Artist masks, guises and constructed worlds
Libby Bove, Holland Otik, Dik Downey, Noah Sharp, Buoys Buoys Buoys, David Snoo Wilson
Across many cultures, the mask is used as a tool for change. To wear a mask is to step into another role, another presence, or another way of being. The mask allows the wearer to become something else, not only in appearance, but in movement, voice, and behaviour.
A mask can act as a form of protection, creating distance between the wearer and the world. At the same time, it allows the wearer to act without being recognised. In European carnival traditions, for example, masks were used to temporarily reverse social roles. The hidden face made it possible for people to speak and behave in ways that would normally be forbidden. The mask created a space where different rules applied.

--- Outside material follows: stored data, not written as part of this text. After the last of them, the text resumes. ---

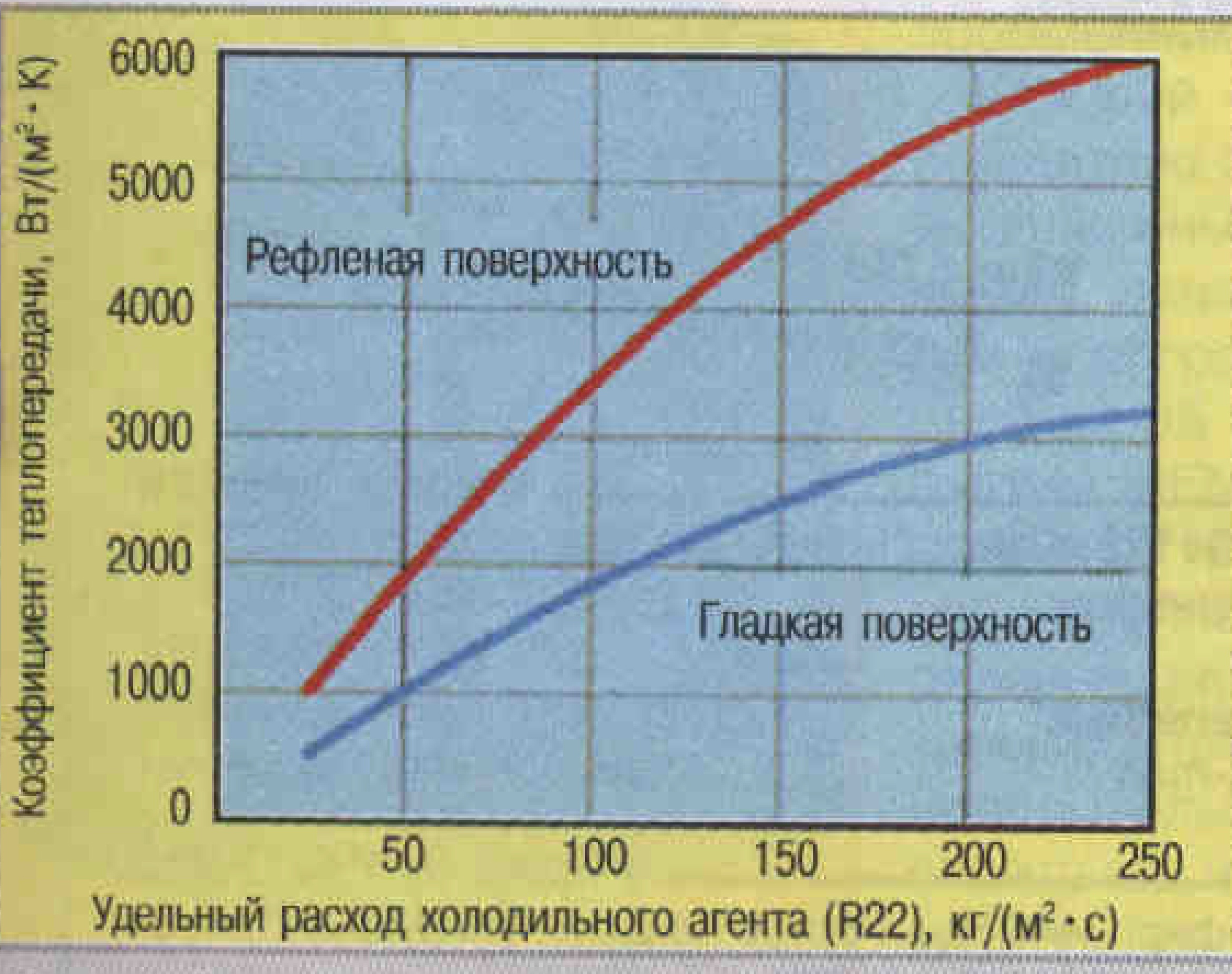 На рис. 4 представлены графики зависимости коэффициента теплопередачи от удельного расхода хладагента для труб со специальным профилем внутренней поверхности и с гладкой внутренней поверхностью. Как видно из графиков, повышение коэффициента теплопередачи для труб со специальным профилем по сравнению с гладкими трубами составляет более 100 %. Это позволило существенно увеличить значения холодильного коэффициента и в конечном итоге снизить энергопотребление чиллеров, в которых используются испарители со специальным профилем внутренней поверхности труб.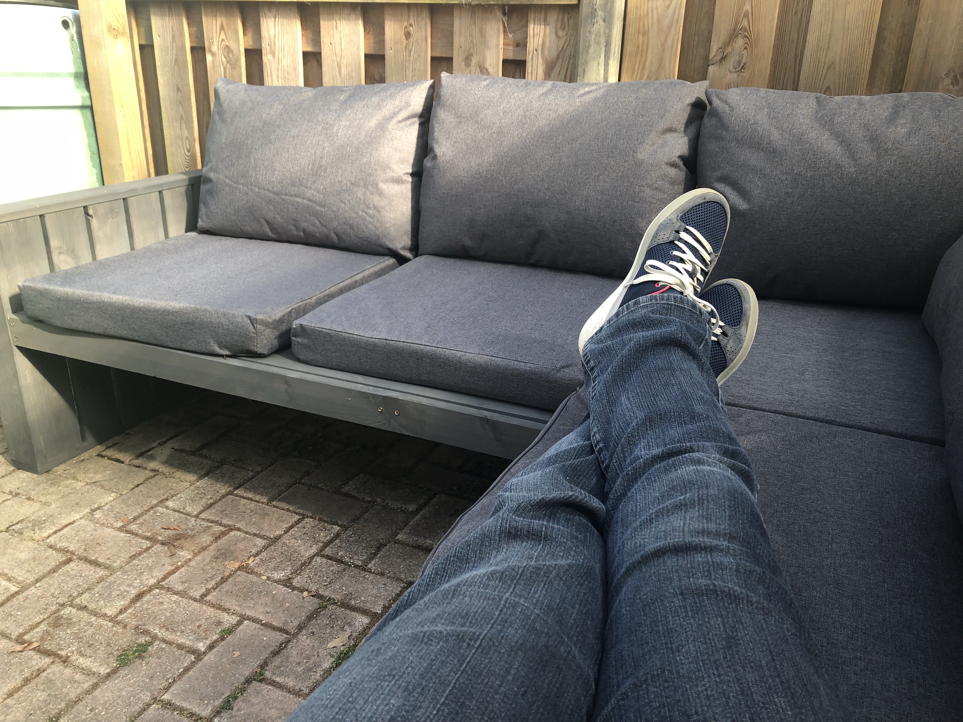 (Ander ‘voordeel’: sjouw de naaimachine naar buiten en later weer naar binnen en je hebt meteen je krachttraining te pakken.)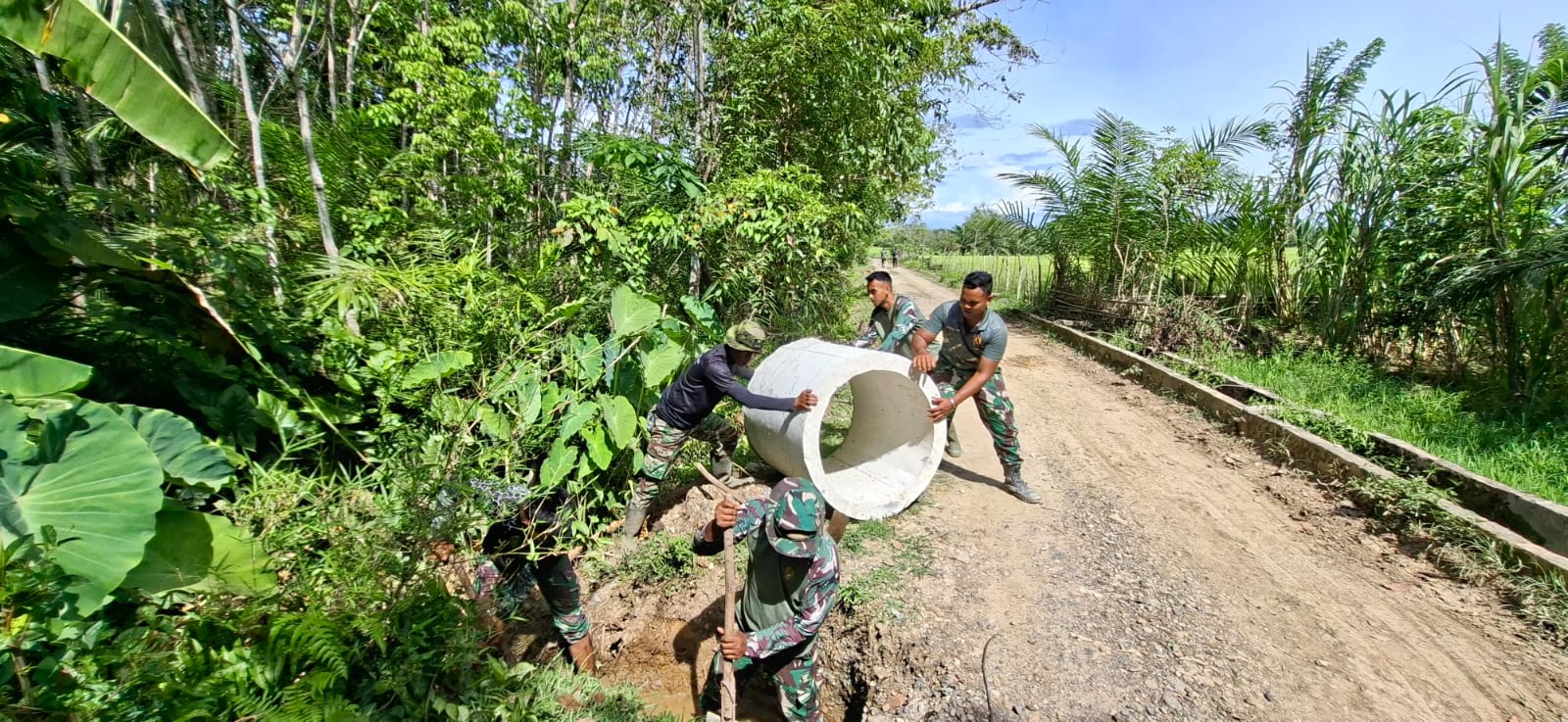 Pemasangan gorong-gorong ini bertujuan untuk memastikan kelancaran aliran air menuju lahan pertanian dan perkebunan milik warga. Di bawah terik matahari, personel Satgas dan masyarakat tampak kompak bahu membahu menurunkan material, mengatur posisi cincin, hingga melakukan penimbunan dan perapian badan jalan.

Anthropologist Elizabeth Tonkin, describes masks not simply as objects, but as active agents. She argues that a mask does not only represent something, it helps to bring a different identity into being. The mask works through performance. It is completed by the body that wears it and by the social setting in which it appears. Meaning is created through use, not just through form.
In this exhibition, artists use masks as tools for world-building. The works move between sculpture and performance, object and action. These masks are not only to be looked at. They suggest other realms, other identities, and other ways of moving through space. Through masking, the artist and the wearer can step outside ordinary identity and enter a space where transformation is possible.
Here, the mask becomes a threshold: between self and other, seen and unseen, everyday and extraordinary.